African Americans in Somerville: What we know

On February 28, 2013, in Latest News, by The Somerville Times
The Bleachery, which produced finished good made of cotton and stood where the Conway Rink now stands, was one of Somerville's largest businesses that benefited from the labor of slaves.

The Bleachery, which produced finished goods made of cotton and stood where the Conway Rink now stands, was one of Somerville’s largest businesses that benefited from the labor of slaves.

By Terence Clarey

The event was almost canceled due to the unpredictability of New England weather but because of heavy interest, the Somerville Museum decided to go ahead with a scaled down version of a lecture celebrating Black History Month entitled The Somerville I Didn’t Know: The Influence of Africans, West Indians and African Americans on Somerville, 1630-1860. The event was introduced by Cambridge African American Heritage Trail Committee member Kathleen Walcott, and featured Somerville native, poet, and storyteller, Alice Mack.

Much is still to be learned of the earliest African American and West Indian peoples who called Somerville home, and sometimes they have been discovered at random. Walcott said she was “floored” when told by the pastor of her church that one of the elderly members, who bore a striking resemblance to escaped slave, author and abolitionist Fredrick Douglass, was none other than his grand niece, Ruth A. Jones. It is believed that Jones was the first black graduate of Somerville High School and may have been one of the first blacks to vote register to vote in Cambridge. Also, because she had such a beautiful voice, may have also been one of the first black telephone operators in the area.

It is known that in Somerville’s early days there was quite a bit of prejudice sentiment in the city against allowing blacks to live and buy property in the city but, in spite of this, an enclave of blacks sprung up in the areas of Somerville and Cambridge that were once the site of Camp Cameron, a way station for Union Troops traveling south to fight in the Civil War. It was close to a branch of the Boston and Maine Railroad and after the war the land was sold off, and many black porters who worked on the trains for a number of years and had saved money, could afford to buy parcels and build their houses in the area around Malvern Ave. and Elmwood.

Alice Mack discussed the role that cotton played as the engine that drove the early American economy after the invention of the cotton gin and increased the demand for slaves.
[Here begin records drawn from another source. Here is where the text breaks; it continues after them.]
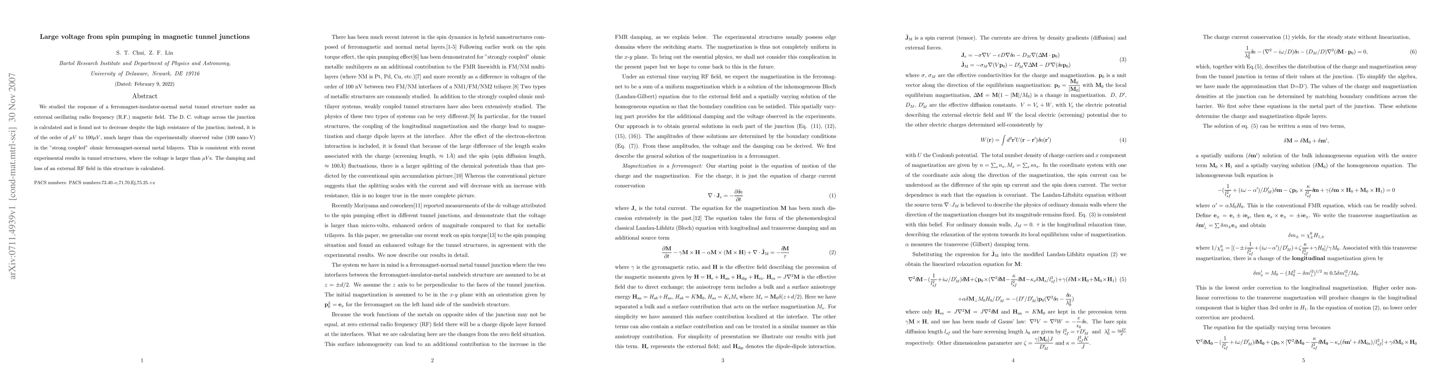 Researchers discovered large voltage generation in magnetic tunnel junctions under RF magnetic fields, contradicting previous experimental findings that showed much smaller voltages, and calculated the damping of external RF fields in these structures.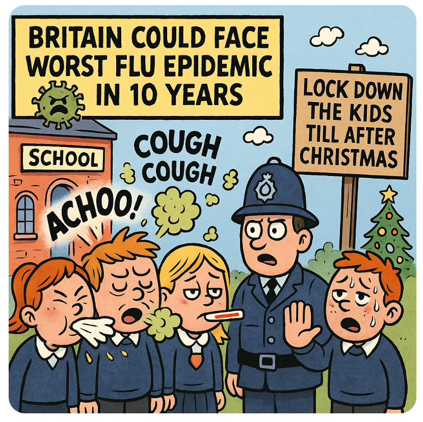Is it time to bubble-wrap Britainβs children until spring? Or are we just looking for another scapegoat while the NHS buckles and ministers play flu bingo in the Commons? Drop your hot take in the blog comments β bonus points for sarcasm, fury, or surreal flu prevention plans. ππ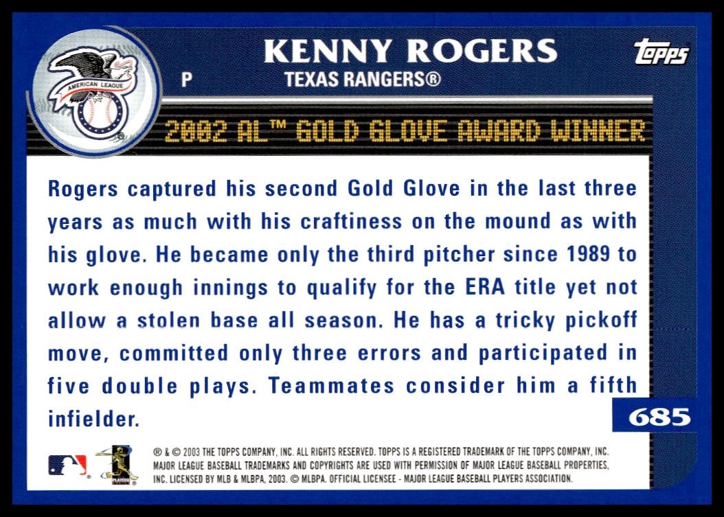 This Baseball card, from 2003 is part of the Topps  card set. Kenny Rogers is featured and has a card number of 685.
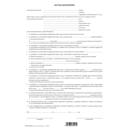 Munkaszerződés 3 lapos garn. A/4 álló 31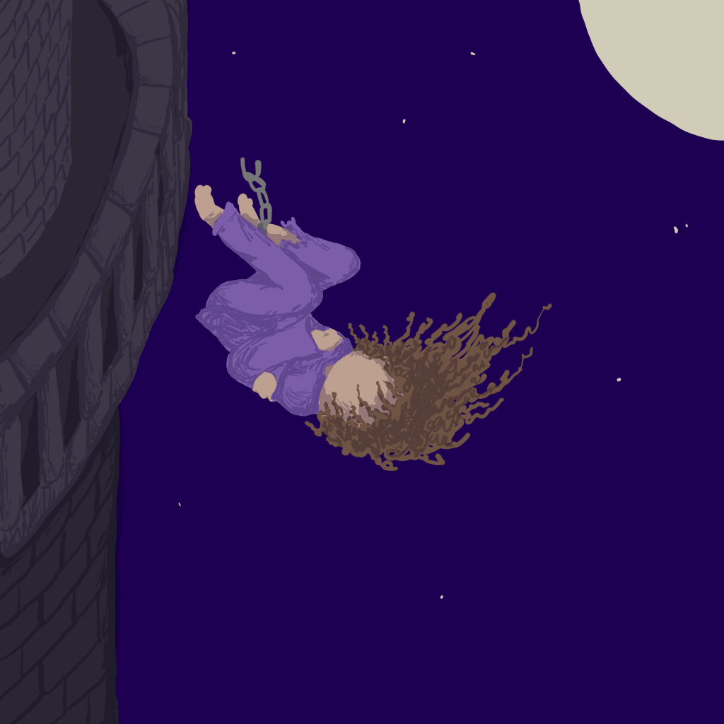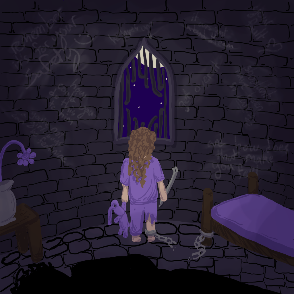 I drew this shortly before Singer's secondary fracture. I believe it was a warning sign that it was going to happen. The girl in this picture is Singer. The silhouette is Bernard. The purple rabbit is Lorna. The tower serving as the drawing's setting is me. I feel Singer was trapped in this tower for most of our life, and the catalyst for her secondary fracture was her escape.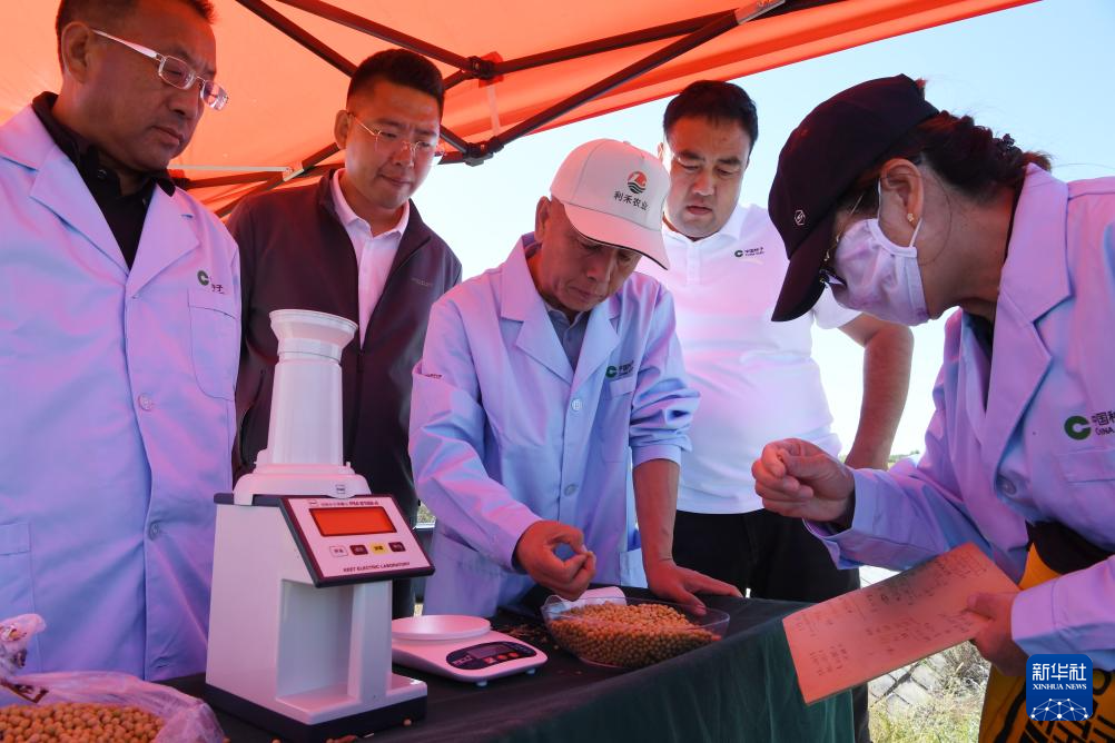 9月29日,在内蒙古自治区兴安盟扎赉特旗音德尔镇“中联豆1505”实收测产会现场,测产专家组成员在测定刚收获的大豆水分。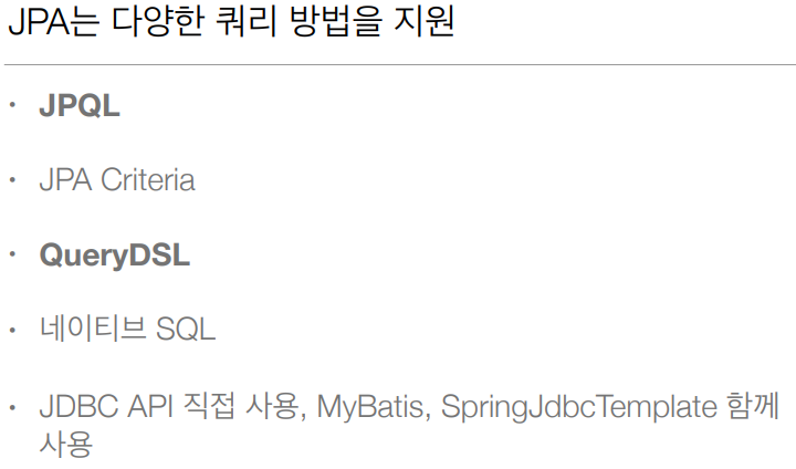 다양하게 있는데 진짜 왠만하면 JPQL, QueryDSL로 대부분 해결되고 진짜 안되는게 있을 땐 SpringJdbcTemplate로 해결한다. 거의 무조건 QueryDSL 사용을 추천.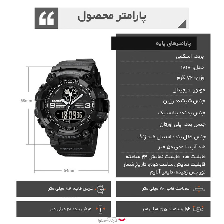 این روزها دیگر همه به تاثیر ساعت بر تیپ و استایل آگاهی کامل دارند. کمتر کسی پیدا می شود که تصور کند یک ساعت فقط کالایی برای نشان دادن زمان است.هر چه جلوتر می رویم جای خالی این محصول لوکس و زیبا را روی مچ خیلی از افراد مشاهده می کنیم. زیرا این روزها صنعت مد و فشن رابطه مستقیمی با استفاده از این اکسسوری جذاب دارد.شاید به نظر شما آنقدری که میگویند خرید یک ساعت شیک و استفاده از آن اهمیت نداشته باشد، اما بد نیست بدانید که اگر در انتخاب خود دقت کرده باشید و متناسب با آن پوشش مناسب را انتخاب کنید، آن ساعت مچی شگفت انگیز می تواند غوغایی در ظاهر شما بپا کند. شاید در نگاه نخست این زیبایی و جذابیت خیلی محسوس نباشد، اما یقینا تاثیرش را بر ناخودآگاه بینندگان خواهد گذاشت. ساعت های مچی به عنوان یک همراه همیشگی مناسب هر مکانی هستند. باشگاه ورزشی، استخر شنا، مسافرت، محل کار، قرار های دوستانه و عاشقانه و در کل برای استفاده روزمره مناسب هستند. شرکت اسکمی با ارائه مدل های مختلف اینبار ساعتی فوق العاده جذاب با تنوع رنگی چشم نواز را به تولید رسانده است.در این مدل به دلیل طراحی و رنگ بندی جذاب که در آن بکار رفته است حس خوشایندی را به شما و طرف مقابل القا میکند.از قابلیت های این ساعت میتوان به ضد آب تا عمق 50 متر , کرنومتر , شمارش معکوس , آلارم , نمایش 12/24 ساعته , نمایش همزمان دو زمان مختلف , چراغ صفحه , تقویم .... اشاره کرد.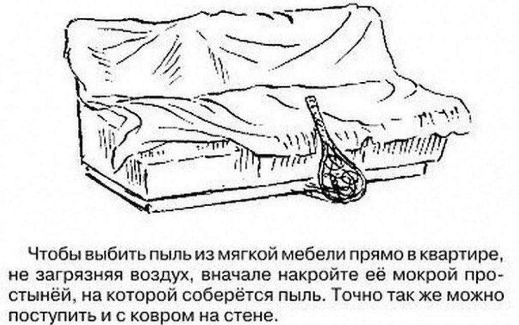 Этот способ является прекрасной альтернативой пылесосу. Особенно хорошо этот метод подходит для ткани с ворсом, пропылесосить которую не так просто. Преимущества выбивания в его простоте и в том, что оно не повреждает краски ткани.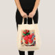 The printing came out very well, better than I had anticipated. The natural color fabric is sturdy with strong seams and comfortable handles. This tote fits easily over my shoulder. As it is filled, the bottom flattens out--very cool! I would buy this product again. This grocery tote holds a lot of groceries! The image quality was very good. The colors were a little darker than I had expected. The darkness may have been due to printing on a natural color fabric rather than on white. The cat design is attractively centered on the tote. The spirit of the design is very lively, just as it appears on the Zazzle website.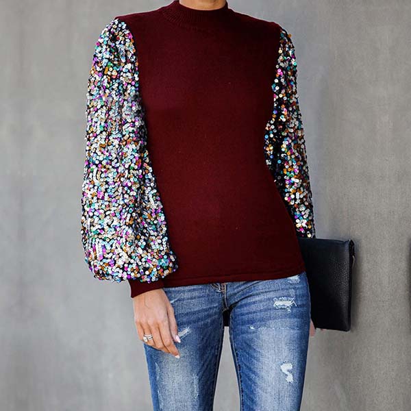 Trust me,you can easily win more eyes when you wear this wonderful top. What makes this piece look so attractive? It owes to the sequin spliced lantern sleeve design. Meanwhile,its soft and breathable fabric can ensure you a comfortable day. If you wanna boost your charm,you can have a try this piece.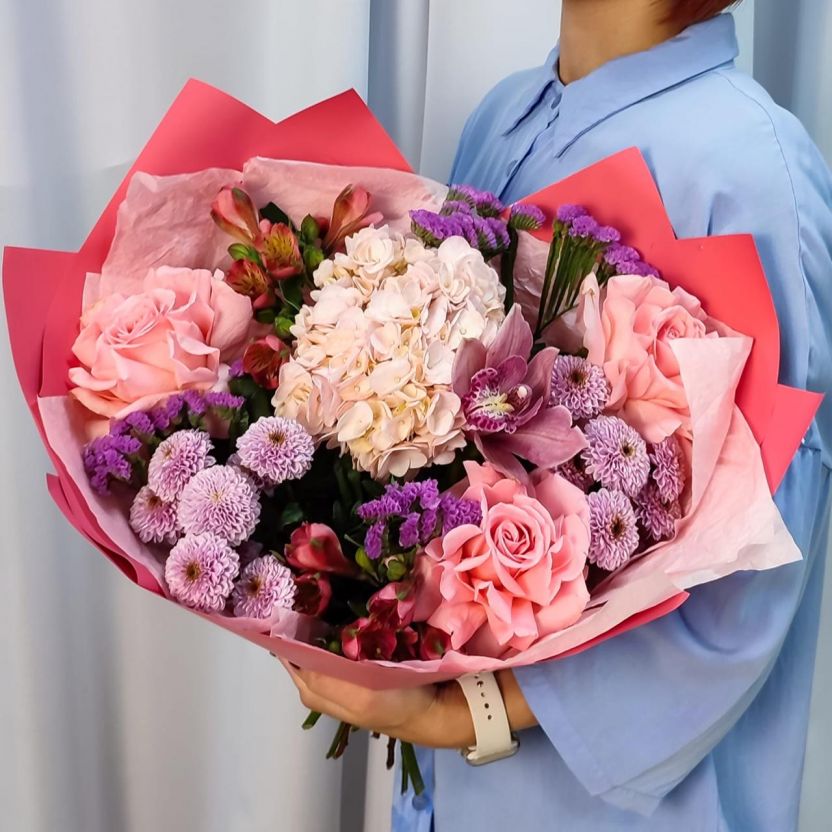 Состав (как на фото) : гортензия 1, роза 5, диантус 5, альстромерия 3, роза кустовая 3,эустома 1, диантус кустовой 2, эвкалипт 2, упаковка матовая пленка, атласная лента.

After it was harvested on vast southern plantations, the cotton was sent north to the textile factories in Massachusetts where it was woven into cloth and sent for finishing to places like “The Bleachery” on Somerville Avenue where they produced finished material to be used to produce cloth to be used by clothing manufacturers, and especially the linings of steamer trunks. For a time the Bleachery, which stood on the land now occupied by the Conway Ice Rink, was the biggest business in Somerville and it was all supported by the hard work of African American slaves in the south.

She finished with the story of Peter Still, which played out like a real-life Django Unchained, without all the gratuitous violence. His speaking tour to raise funds to free his family brought him to Somerville where residents took him in and helped him raise a significant amount of money to help his cause.

The uncertainty of putting on the event left the presentation somewhat incomplete, so the lecture will be held again on June 19. There is still much to learn and discover, so between now and then there could be even more history that emerges regarding the African Experience in Somerville in the meantime.

The Somerville Museum will be hosting a fundraiser for building improvements on March 19 at the First Methodist Church at 1 Bow Street in Union Square. Food and beverages will be served and there will also be live music. For more information about upcoming events, to add information about the history of Somerville, or to make a donation to the Somerville Museum, you can visit their website at www.somervillemuseum.org.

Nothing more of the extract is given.